Further down the road in Roanoke, Radford University Carilion (RUC) students spent the day at the Roanoke Rescue Mission, the Ronald McDonald House, the Presbyterian Community Center and the Habitat for Humanity ReStore.
At the Roanoke Rescue Mission, RUC Assistant Professor of Biology Chet Bhatta, Ph.D. reflected on the influential figure responsible for inspiring the service day.
“Today, we wanted to honor Martin Luther King Jr.’s great work for this country,” Bhatta said. “As a part of RUC, we wanted to come together and give back to the community as a way to honor his community service.”
In the New River Valley, volunteers collected food donations at supermarkets, helped repair housewares at the Habitat for Humanity ReStore and packed food at the Radford Worship Center.
At the Radford-Fairlawn Daily Bread food kitchen, volunteers were joined by Radford University President Brian O. Hemphill, Ph.D. to prepare and serve a hot meal for visitors.
In reflecting on the incredible impact of the seventh annual Martin Luther King Jr. Day of Service, President Hemphill said, “In 2014, this meaningful event began with 50 students, faculty and staff eager to give back to our community, while honoring the legacy of Dr.
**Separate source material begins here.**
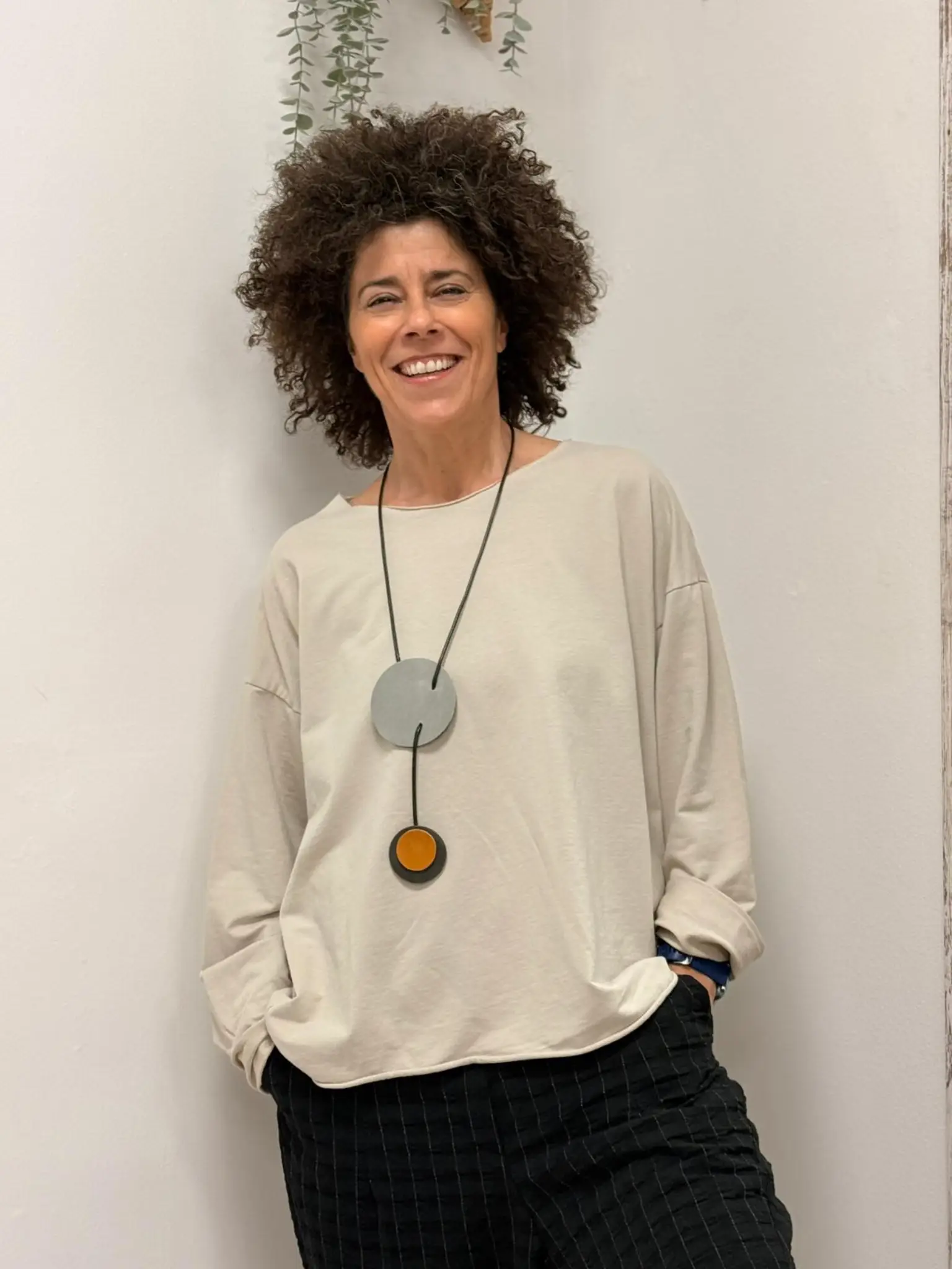 Camiseta de algodón perfecta para llevar también como sudadera ligera. De escote redondo y manga larga, es una prenda cómoda, versátil y muy fácil de combinar en el día a día.

King. This year, a record number of Highlanders participated throughout the New River and Roanoke valleys with Radford’s impact being felt in very real and profound ways.”
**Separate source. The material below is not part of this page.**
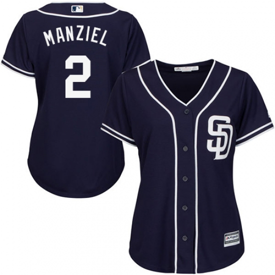 Home>MLB>San Diego Padres>Johnny Manziel>Women's Majestic San Diego Padres #2 Johnny Manziel Replica Navy Blue Alternate 1 Cool Base MLB Jersey

Throughout the day, Radford Early Learning Center was bustling with activity as young children laughed and learned with the older volunteers. They read books, worked on crafts and played with plenty of toys. While the youngsters napped, junior Maya Anderson and freshman Taylor Fitzgerald took down Christmas decorations displayed in the building’s hallway.
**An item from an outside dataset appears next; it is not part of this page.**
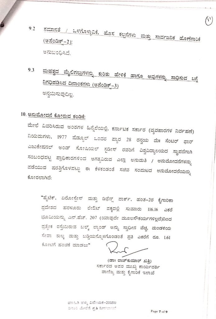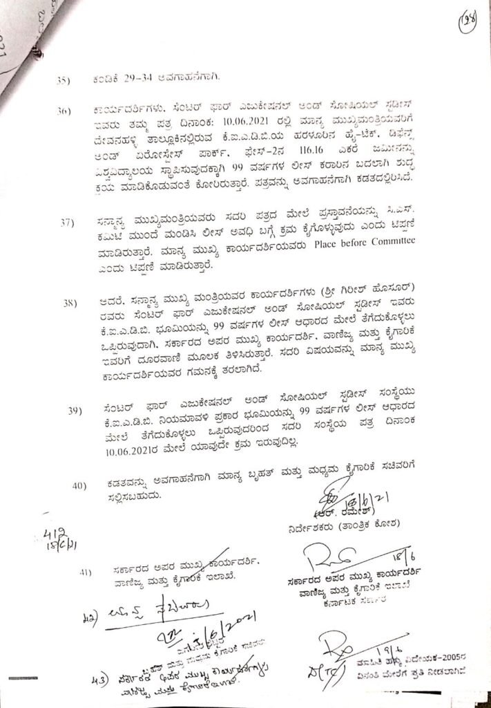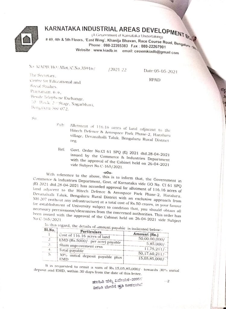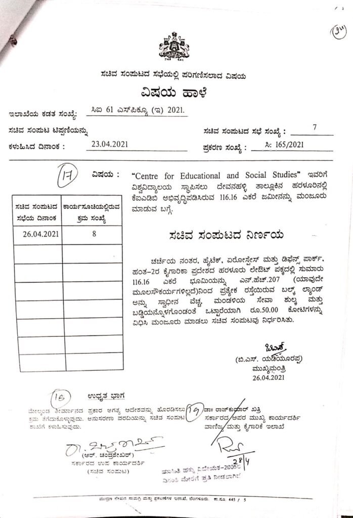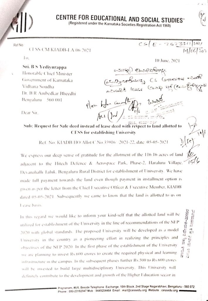 ಅಲ್ಲದೆ ಕೆಐಎಡಿಬಿ ಜಮೀನನ್ನು 99 ವರ್ಷಗಳ ಅವಧಿಗೆ ಲೀಸ್ ಆಧಾರದ ಮೇಲೆ ತೆಗೆದುಕೊಳ್ಳಲು ಸೆಂಟರ್ ಫಾರ್ ಎಜುಕೇಷನಲ್ ಅಂಡ್ ಸೋಷಿಯಲ್ ಸ್ಟಡೀಸ್ ಅವರು ಆರಂಭದಲ್ಲಿ ಒಪ್ಪಿಗೆ ಸೂಚಿಸಿತ್ತು ಎಂದು ಅಂದಿನ ಮುಖ್ಯಮಂತ್ರಿ ಯಡಿಯೂರಪ್ಪ ಅವರ ಕಾರ್ಯದರ್ಶಿಗಳಾಗಿದ್ದ ಗಿರೀಶ್ ಹೊಸೂರ್ ಅವರು ವಾಣಿಜ್ಯ ಮತ್ತು ಕೈಗಾರಿಕೆ ಇಲಾಖೆಯ ಸರ್ಕಾರದ ಹೆಚ್ಚುವರಿ ಮುಖ್ಯ ಕಾರ್ಯದರ್ಶಿಗಳಿಗೆ ದೂರವಾಣಿ ಮೂಲಕ ಗಮನಕ್ಕೆ ತಂದಿದ್ದರು. ತರುವಾಯ ಇದನ್ನು ಸರ್ಕಾರದ ಮುಖ್ಯ ಕಾರ್ಯದರ್ಶಿ ಅವರ ಗಮನಕ್ಕೂ ತರಲಾಗಿತ್ತು.

“I’ve really enjoyed working with the kids. They’re very energetic, and we have a lot of fun together,” Anderson said. “I want to go into pediatrics, so working with children is a passion of mine.”
Young children also interacted with student volunteers on Radford University’s campus during the Martin Luther King Jr. Day Camp for kindergarten through sixth-grade students. The camp has been hosted by McConnell Library staff for several years as part of the annual event. This year, the library partnered with students in The Schoolhouse Living-learning Community for aspiring educators.
Assistant Professor and Director of Experiential Learning Matt Grimes, Ph.D., who helped create Schoolhouse, said the partnership with the camp was a natural fit.
“For me, it’s exciting to get our students involved in their professions as early as possible,” Grimes said. “The fact that they are learning and serving at the same time today is a wonderful concept to see come to life.”
In the library, campers rotated through different stations, such as crafts, painting, reading and board games. They dined in Dalton Hall, caught a planetarium show and ended the day in the Student Recreation and Wellness Center, where volunteers provided entertainment with bowling, Wallyball, video games and inflatables.
“I’m just excited to see the kids being happy,” said senior social work major Aubrey Kelly, III, who played basketball with several of the campers. “I remember how much fun I had playing with older kids growing up, so I want to be that kind of role model to them.”
Other on-campus service projects included making blankets for Project Linus and writing letters to military service members and on behalf of Amnesty International. In the CDI office, student, faculty and staff volunteers knitted and crocheted hats for babies through the Ronald McDonald organization and winter gear for Radford University students. More than 50 scarves, hats and headbands were made and displayed around the campus fountain on January 22 for students needing an extra layer of warmth.
The volunteer activities culminated in the evening with a special social in the Bonnie where volunteers and organizers reflected on the successful day of service and solidarity with the MLK Service Award presented to Sarah Klein.
“We are so thankful that our Radford University family united to serve the community we live in, we learn from and we love,” said Buffy Ruffin, the assistant director for CDI.
President Hemphill added, “Without question, Highlanders embody Dr. King’s caring and giving spirit each and every day.”